Однако если Сократ планирует беседу, то что гарантирует ее аутентичность? Ведь сама актуализация мнений может оказаться произвольной и, следовательно, реконструкция языка – ошибочной. Пределы языка определяют пределы понимаемого, но для того, чтобы понять слово, лингвистика изучает способы его употребления в тех или иных обстоятельствах, реконструируя эти обстоятельства силой воображения. Кто гарантирует, что воображение Сократа не исказит картины? Воображение Сократа – это его «даймон». «Даймон» говорит голосом молчания, слышимым одному Сократу. Но что гарантирует Сократу истинность слышимого им от «даймона»? Принадлежность самого Сократа к сообществу афинских граждан – и только она. Эта принадлежность означает, что внутренний голос Сократа – его воображение – совпадает в своих возможностях и пределах с пределами и возможностями языка, который Сократ имеет целью выявить. Постольку поскольку Сократ неразделен с Афинами, его внутреннее остается тождественным его внешнему. Внутреннее Сократа говорит голосом молчания, слышимым ему самому, поскольку все сказанное вслух будет лишь частным мнением, но не самой истиной – не самим языком. Сам язык же выявляет себя в чистой и немой работе воображения, которое, планово провоцируя речевую способность на самообнаружение, тем самым делает язык действительным не только «в себе», но и «для себя».
Молчание Сократа есть его добродетель. Сократ не заинтересован ни в чем, кроме как в своей принадлежности к целому языка, в тождестве своего внутреннего и внешнего. Добродетель Сократа окончательно обнаруживает себя в незаинтересованности в своем земном существовании. История жизни Сократа является наглядной – и единственной – гарантией истинности предпринятой им реконструкции Логоса. Она целиком определяется его принадлежностью и незаинтересованностью.

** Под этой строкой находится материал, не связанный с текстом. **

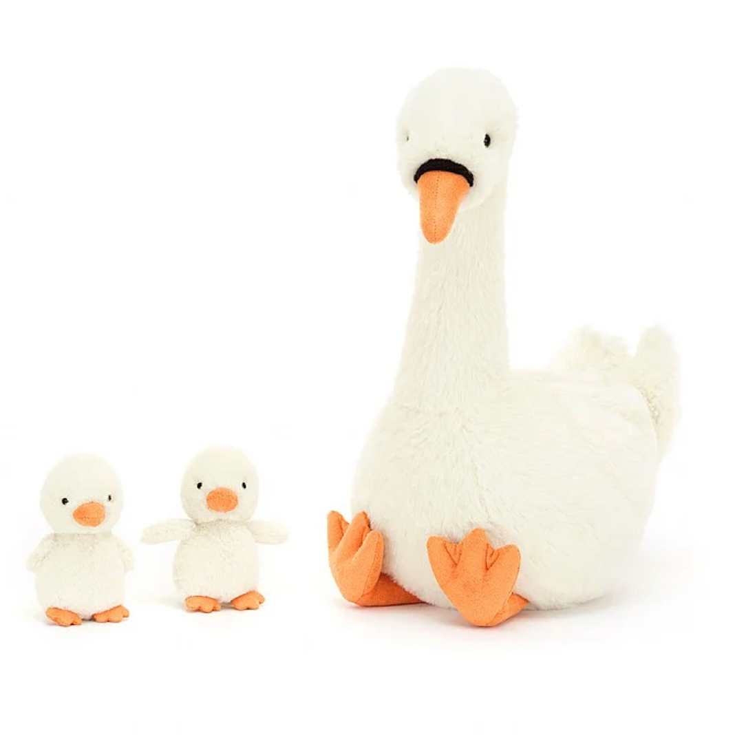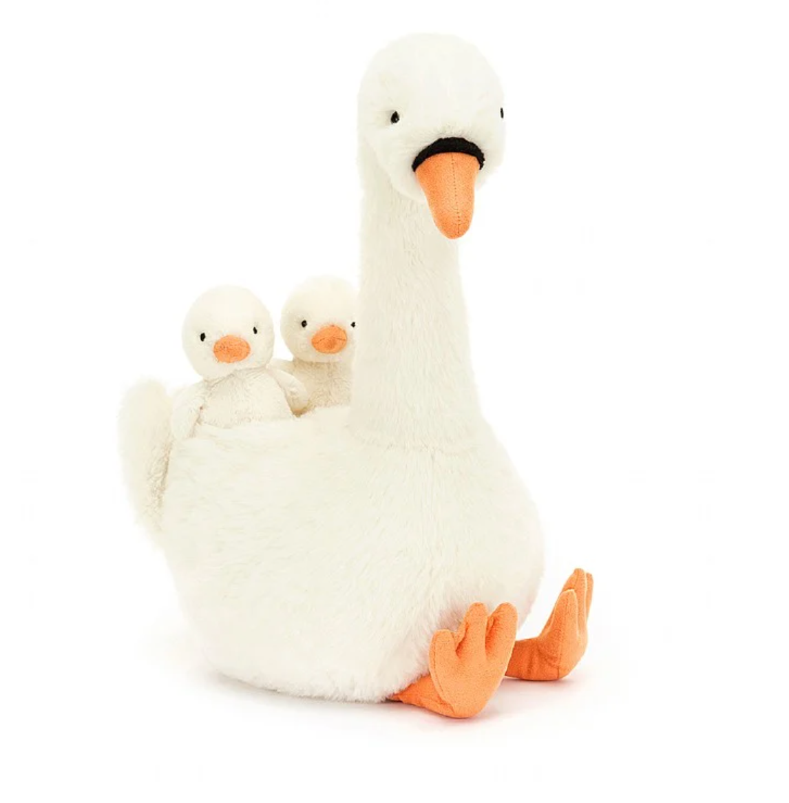 Featherful Swan est un parent très fier, protégeant ses jumeaux avec leurs ailes crème moelleuses ! Cet élégant cygne a une riche fourrure vanille, rehaussée par des pieds en suédine orange et un bec assorti avec des détails passepoilés. Les bébés blottis sur leur dos enneigé peuvent sortir et explorer par eux-mêmes !
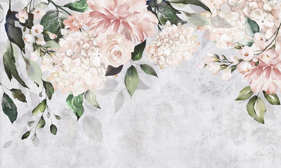 Тапет по поръчка с големи цветя и листа, светъл бетон – изработен с помощта на екологична технология за печат на тапети
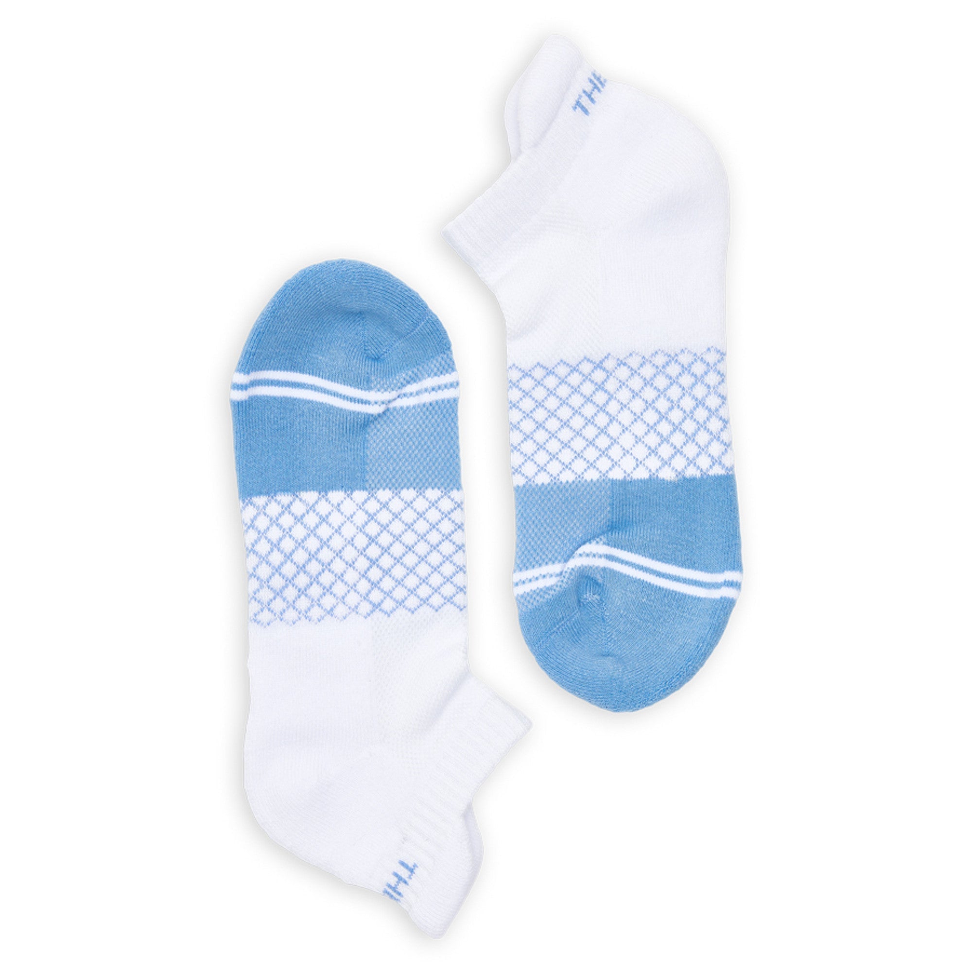 Introducing our premium White Powder Sip Ankle Socks, the perfect blend of Ole Miss pride and advanced sock technology. These socks feature a sleek white and powder 50/50 colorway and the iconic ' The Sip ' on the back of the ankle. Designed for both style and functionality, these ankle socks are loaded with features to enhance your everyday comfort.

Сократовская позиция дает основание одновременно и для тотальной подозрительности Просвещения, и для тотальной доверчивости романтизма. Поскольку незнание и молчание Сократа тождественны его добродетели и незаинтересованности, всякая речь и всякое учение могут рассматриваться на фоне сократовской добродетели как манифестация корысти и испорченности. Всякая речь диктуется корыстью: не доверяй словам, ищи, кому они выгодны, – такова максима просветительской критики. С другой стороны, поскольку, как уже говорилось, истина выступает у Сократа как единство частных заблуждений, а незаинтересованность – как равнодействующая частных корыстей (идея, в дальнейшем развитая Руссо), то исследователь культуры, желающий быть сократичным, призывается к максимальной терпимости, а его слух – к максимальной предоставленности для любой речи.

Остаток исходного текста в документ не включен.